Peygamberimiz, bu duanın hususiyetlerini daha sonra uzun uzun
anlatır.
Evet Cevşen duası, tüm yüce sultanlar tarafından okunmuş ve
okunması da çok tavsiye edilmiş bir duadır, işte biz bu duadaki
esmâları, bilinçaltına ekiyoruz. Her bir esma, beynimizdeki ve
auramızdaki boyutumuza ekiliyor ve bir süre sonra artık Cevşen veya
Celcelutiye veya Kur’ân sizin dışınızda okuduğunuz ve hakkında
konuştuğunuz bir mana olmaktan çıkıyor, bizzat inşaallah siz
oluyorsunuz. O esmâlara tam âyine olmak ve o kanal ile uyumlanmak
bir açıdan bu tohumları bilinçaltı düzeyde ekmeye bağlı. Ne kadar
safiyeti ile biz bunu iç rahmimize, yani bu yapımıza alırsak o kadar
tesirli olur.
Ancak burada bu duaların tamamının değil, bizim sorunumuzla ilgili
olan kısmını özel kayıt tekniği ve özel bazı telkinlerle de destekleyerek
bilinçaltına ekiyoruz.
Bu duaların detayları bu kitabı çok çok aşar.

***
Sorular ve Cevaplar

Hangi konularda subliminal kayıtlar hazırlamak mümkün?


Hangi konuda değil desek, aslında daha doğru olur, istisnasız her
konuda telkin cd’si hazırlanabilir. Ve bilinçaltı, istenilen konuda
programlanabilir ve sorunlar aşılabilir. Yeter ki kişi gerçekten ne
istediğini, ne yapmak istediğini ve amacının ne olduğunu bilsin.
Unutmayalım. Bilinçaltı aldığı mesajı emir olarak kabul eder ve onu
uygulamaya koyar. Kur’ân’ın çözümlediği, Cevşen ve Celcelutiye’nin
çözümlediği her konuda telkinleri, yani ayetleri hazırlamak mümkün.
Ki, yaş kuru her şey Kur’an’da var. Ve çözümü de var.

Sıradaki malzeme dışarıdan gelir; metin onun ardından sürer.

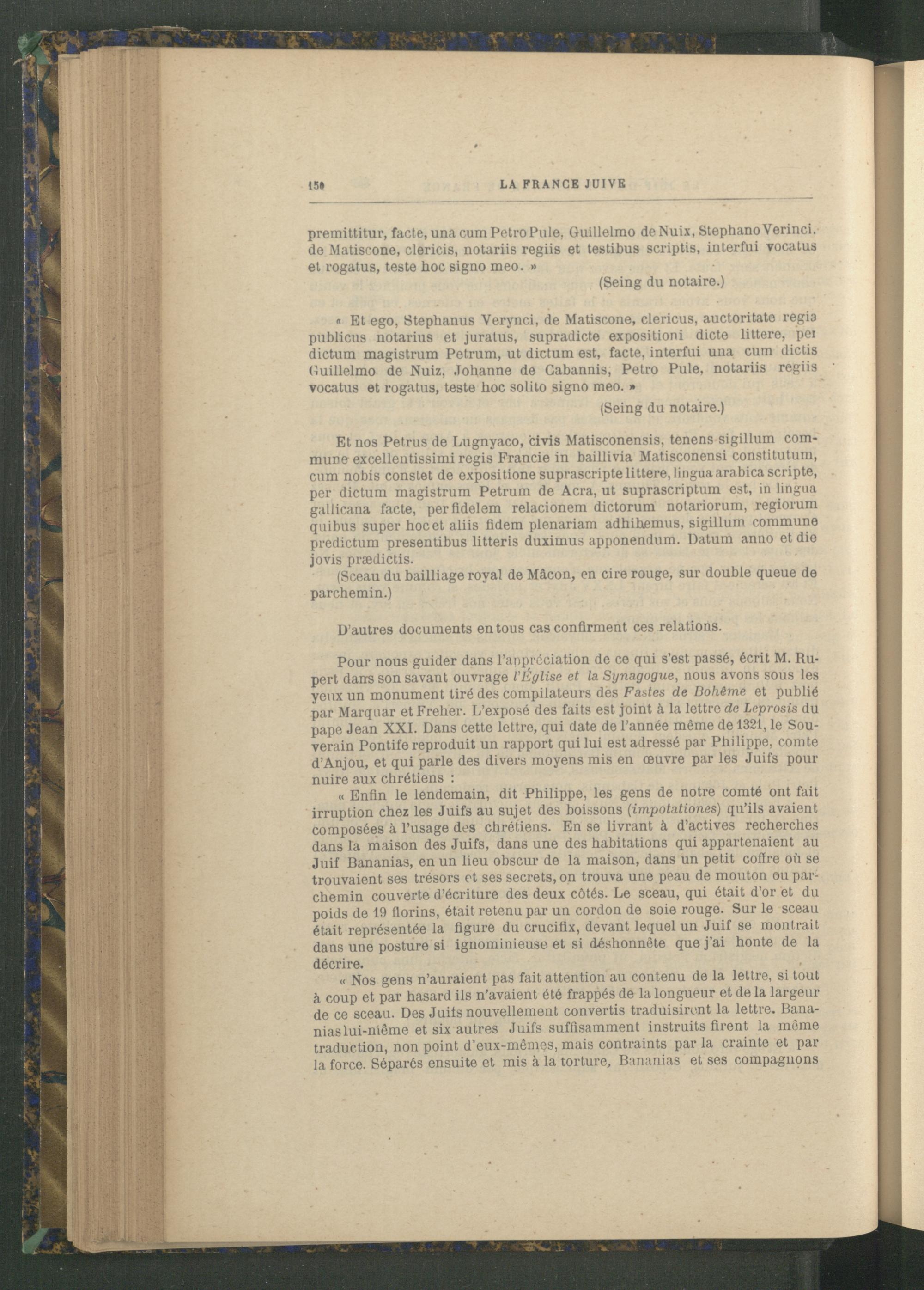 Pour nous guider dans l’anpréciation de ce qui s’est passé, écrit M. Rupert dans son savant ouvrage l'Église et la Synagogue, nous avons sous les yeux un monument tiré des compilateurs des Fastes de Bohême et publié par Marquar et Freher. L’exposé des faits est joint à la lettre de Leprosis du pape Jean XXI. Dans cette lettre, qui date de l’année même de 1321, le Souverain Pontife reproduit un rapport qui lui est adressé par Philippe, comte d’Anjou, et qui parle des divers moyens mis en œuvre par les Juifs pour nuire aux chrétiens :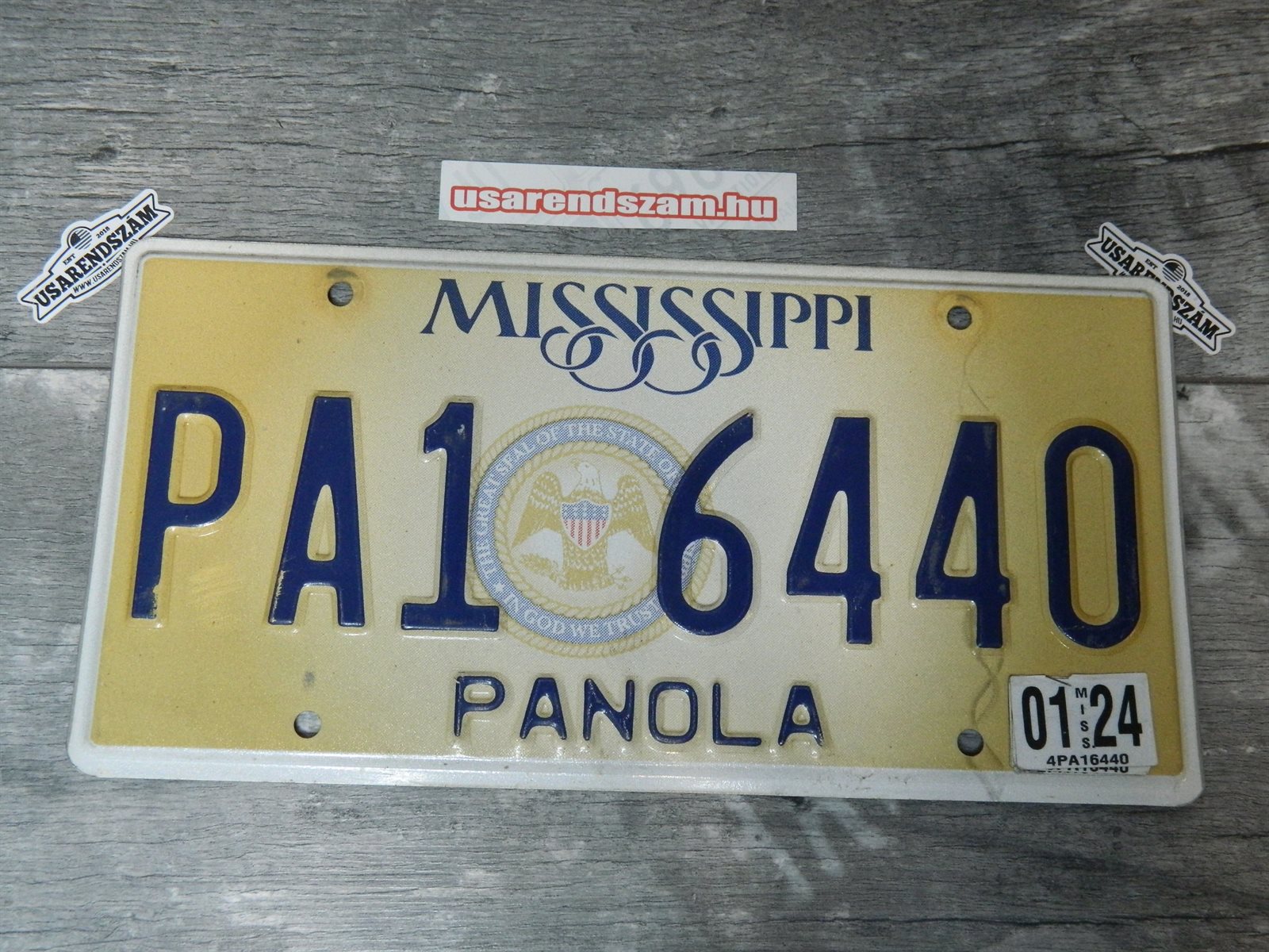 Eredeti, használt amerikai rendszám, dekorációs célra a képen látható állapotban.

Şimdiye kadar ağırlıklı olarak hangi konular üzerinde telkin cd’leri


hazırladınız?
Mesela doğum problemi olan, miyon rahatsızlığı olan yakın bir
tanıdığıma Meryem Sûresi’ndeki doğumun kolay geçmesi için Allah’ın
Meryem’e olan tavsiyelerini anlatan âyetin ağırlıkta olduğu bir telkin
cd’si hazırladım ve doğuma kadar su sesi eşliğinde onu dinledi. Ve
inanılmaz kolay bir doğum geçirdi.
Hatta “İkinciyi doğuramaz, miyon buna izin vermez (çünkü
tekrarlıyordu), çocuğun rahme tutunması güçtür” denildi. Ancak
İkinciye hamile kaldı ve sorunu halloldu.
Bu olay nedir? Nasıl olur? Bunu kanun olarak ispat edemem, ancak;

Biz, Kur’ân’dan mü’minler için bir şifa ve rahmet olan şeyi indiriyoruz.
İsra, 82

mânâsı içinde her türlü şifanın olduğunu biliyorum.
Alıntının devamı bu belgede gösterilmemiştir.